Speaking of interesting: He explains that movies today emulate the action within video games because it is “fluid” with stops and starts, and not over-stylized, which is a good thing–or at least that’s what I think he is saying.

Great format of Forbes’ reviews: Three sections, all subtitled: 1. “Thumbnail,” one or two sentence low-down; 2. “The Box Office,” a prediction of how much money the movie will take in, prefaced by an in-depth ho-hum, enough-already analysis. Thankfully, you can skip this and go directly to 3. “The Review.”

Irony: I look a lot more deeply for meaning in a review of a movie that lacks meaning.

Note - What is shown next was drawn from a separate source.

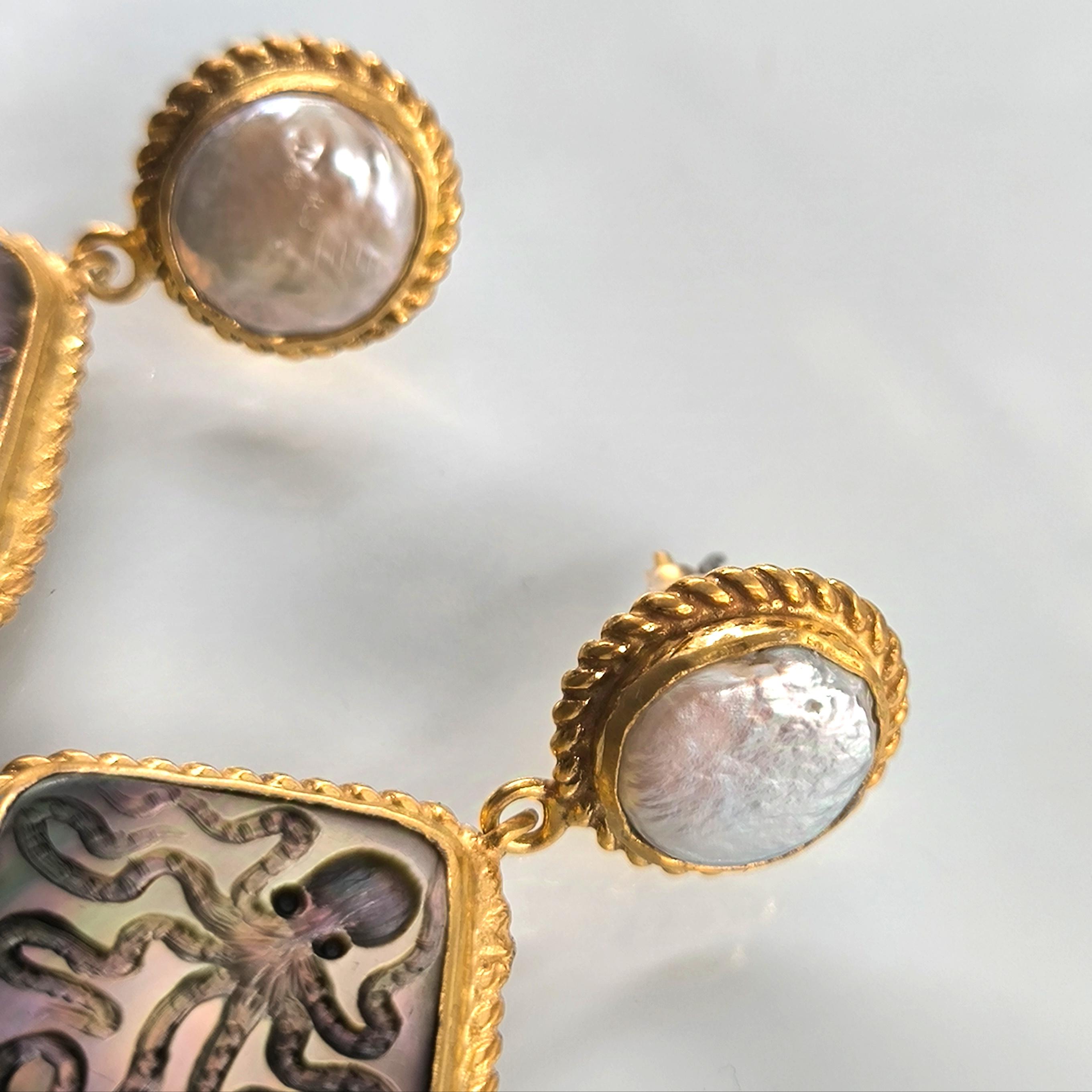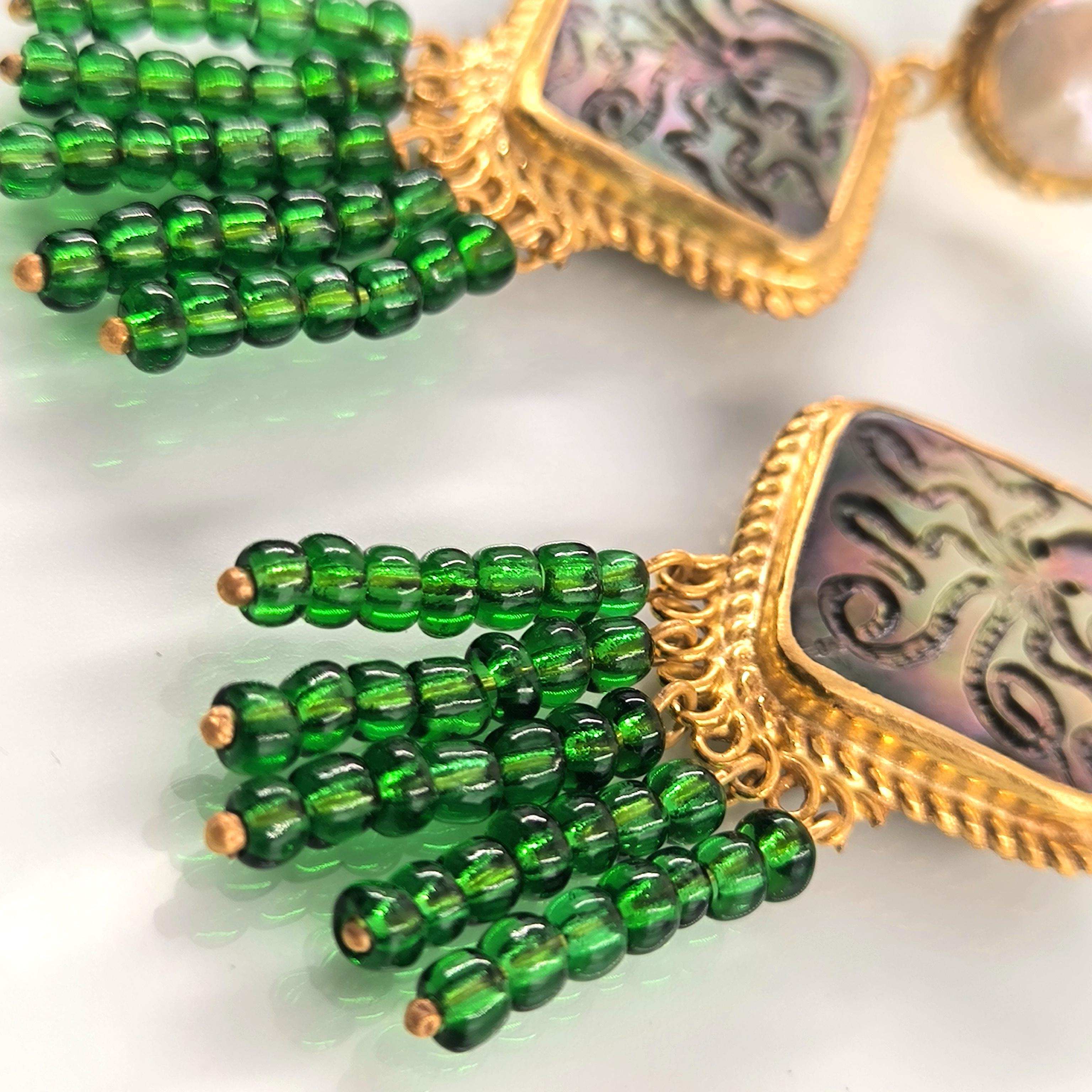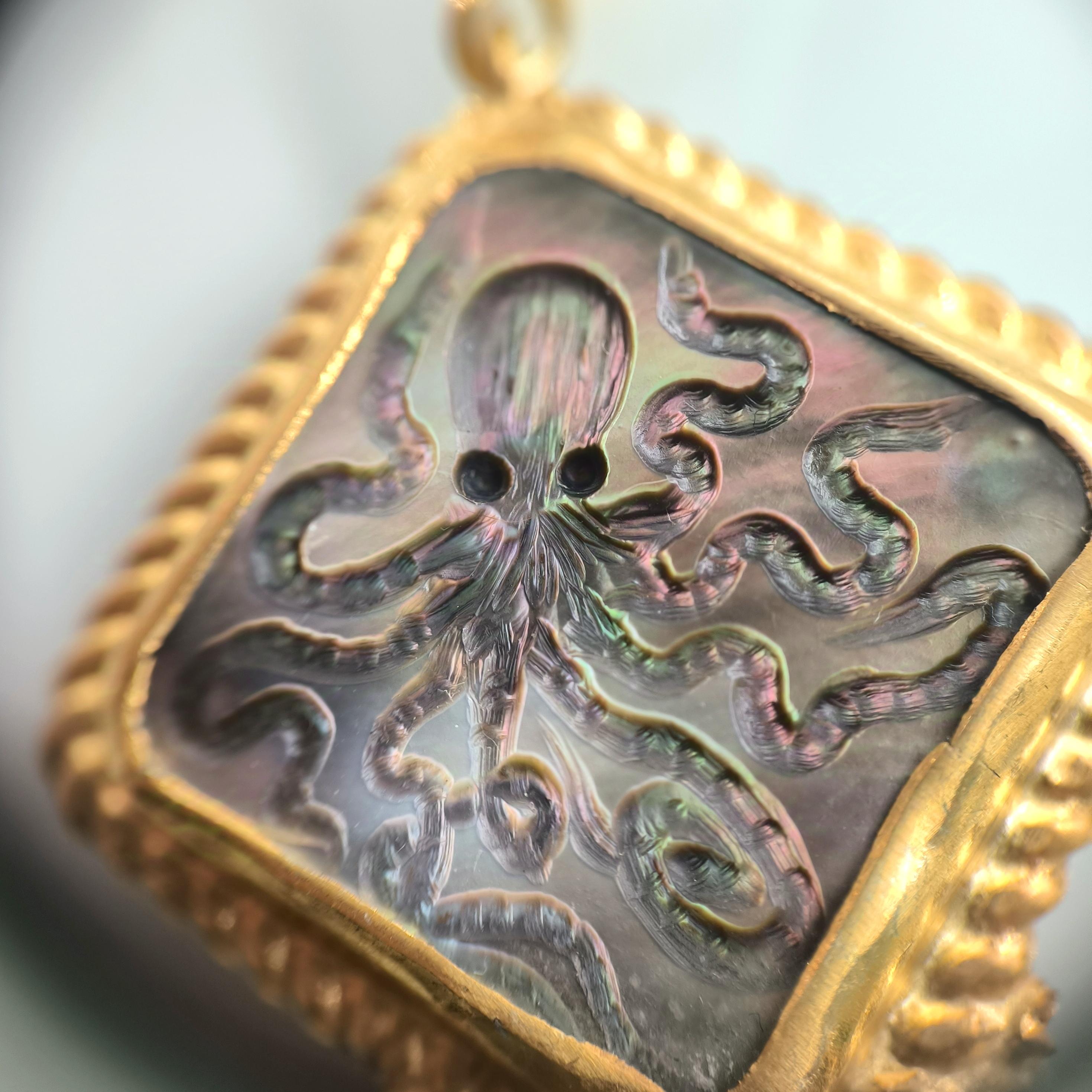 Duyguların, zekanın, mantığın, esnekliğin, potansiyelin ve yaratıcılığın sembolü; Ahtapot! Bu figür antik mücevherler de çok nadir bulunan bir sembol olsada gizemli ve çok sevimli bu yaratığı, özel tasarımımız ile bir mücevhere dönüştürdük ! Tüm çerçevesi gümüş olan, okyanus sedefi üzerine ahtapot intaglio çalışmaları yaptığımız eşsiz güzellikte bir eser! sallantı püskülündeki yeşil taşlar cam boncuklardır.

Irony?: but some of the review is vague.

A Loving Couple, 39 years later

LOVE-IS-STRANGE-final-smallThis week I look at reviews of Love is Strange, starring John  Lithgow and Alfred Molina as a gay couple, who, after being together for 39 years, get  married. Shortly thereafter, Molina’s character loses his job and they can no longer afford to pay their mortgage. So they sell their apartment and put themselves on a wait list for senior or middle-class housing. While they wait, where should they live? They decide to live in two separate households. The movie is about the dynamics between them while they live apart as well as those between each husband and his host.

Wall Street Journal

Review by Joe Morgenstern

Spoilers: Many.

It contains the a perfect example of verbiage that’s a RED FLAG warning of trouble ahead (as in an imminent spoiler). It’s tricky because it is smack in the middle of a sentence:

The cinematographer was Christos Voudouris, who captures the movie’s most touching moment. It’s– 

WARNING! AVERT YOUR EYES! DO NOT READ ANOTHER WORD! He’s about to tell you the movie’s most touching  moment!

Bottom Line: The movie is not believable.  A true Wall Street Man, Morgenstern cannot get over how low they sold the apartment for. (It takes place in Manhattan.)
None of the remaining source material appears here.